The em dash took me a while to understand. When I first started writing, all punctuation flummoxed me. One of the first books on the writing craft that helped me understand the basics was Noah Lukeman's A Dash of Style: The Art and Mastery of Punctuation. 

Here is the basics: 

The parentheses and the em dash are similar, but different. 

For me, the parentheses can be compared to a quiet stream in which the words of your sentences are interrupted, but the water (meaning) still flows around it. 

The em dash interrupts the sentence like a waterfall--its purpose forces the reader to process the information before moving on. In MS Word it is made by stringing two hyphens next to each and the software automatically makes the dashes on line. 

At a writing conference when I first met Deborah Halverson--November 2007--she suggested I read Noah Lukeman's A Dash of Style: The Art and Mastery of Punctuation. I was going to retype his chapter (pages 111 - 138) but that would have taken me too long and might be considered plagiarism.

The hyphen is used in the parentheses to show sequence and the parentheses quietly tells the reader where the info can be found.

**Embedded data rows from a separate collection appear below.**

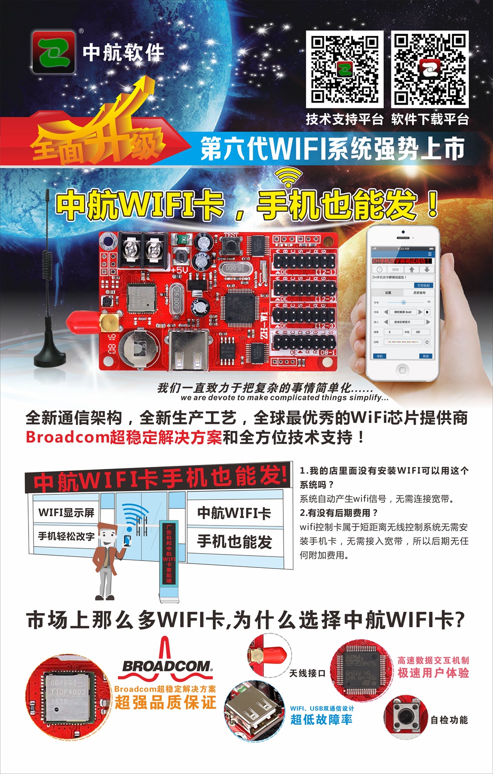 廣告機(jī)和Wi-Fi控制卡更配哦,中航軟件第六代WiFi系統(tǒng),全新通信架構(gòu),全新生產(chǎn)工藝,全球最優(yōu)秀的WiFi芯片提供商Broadcom超穩(wěn)定解決方案和全方位技術(shù)支持!為您做最好廣告機(jī)保駕護(hù)航!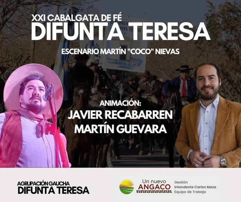 Con gran expectativa, este sábado 19 a partir de las 10 de la mañana tendrá lugar la tradicional Cabalgata de Fe a la Difunta Teresa, en su XXI edición, evento religioso que está incluido dentro de los agasajos en homenaje a Lucas Novaro.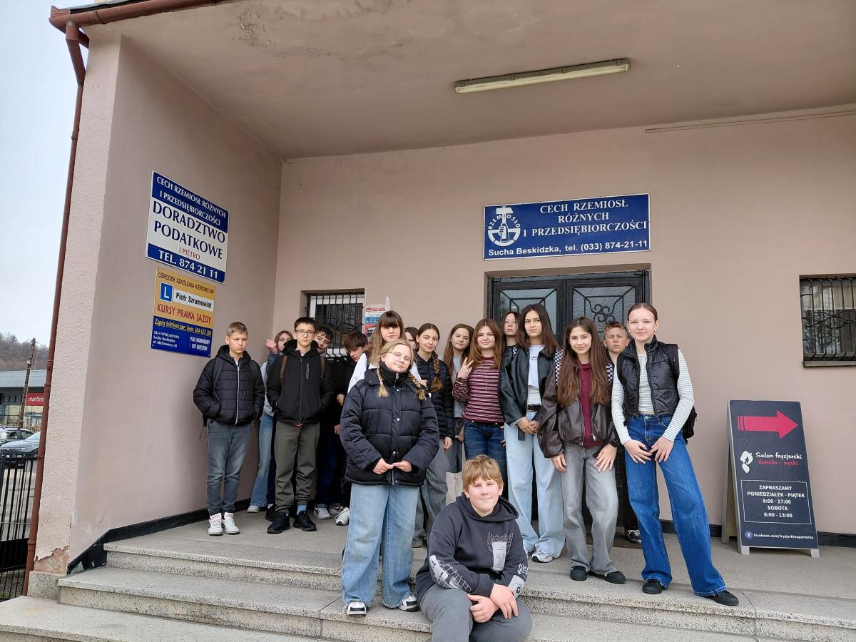 Dnia 25.03.2026r. uczniowie klas 6–8 wzięli udział w wycieczce zawodoznawczej do Cechu Rzemiosł Różnych i Przedsiębiorczości w Suchej Beskidzkiej, salonu „Szczęśliwa TY” w Suchej Beskidzkiej oraz do szpitala na oddział opieki paliatywnej w Makowie Podhalańskim.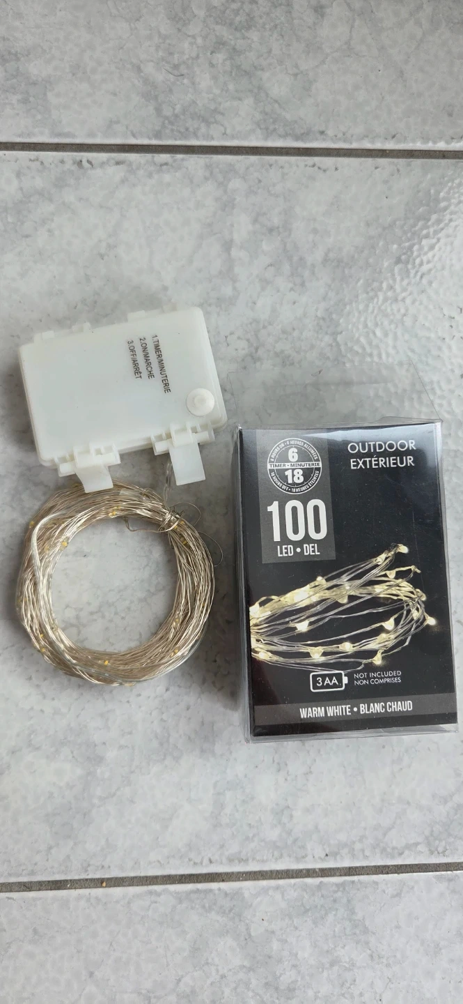 These outdoor LED string lights have 100 lights in a warm white colour. They feature a 6-hour timer and require 3 AA batteries, which are not included. Perfect for decorating your yard or patio for any occasion!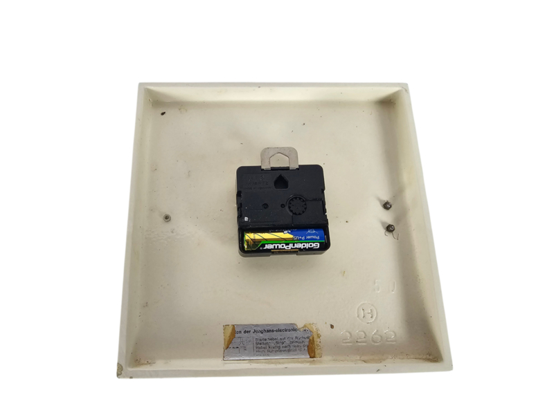 Vintage Junghans electronic Ato-Mat wandklok uit de jaren 60's. Dit specifieke model heeft een vierkante behuizing van geglazuurd keramiek. (aardewerk) met een kenmerkend reliefpatroon in een gebroken witte of creme kleur. Op de achterzijde is naast de originele fabriekssticker het serienummer zichtbaar.

Here is Deborah's link for her blog DearEditor.com and read how she explains it: 

http://deareditor.com/2010/08/04/re-help-for-em-dashaholics/

In addition to page sequences, the hyphen is used for breaking up words that need to drop to the next line, but that's mostly before justification on computers.  The hyphen also connects words like eighteen-year-old or the digits in a phone number.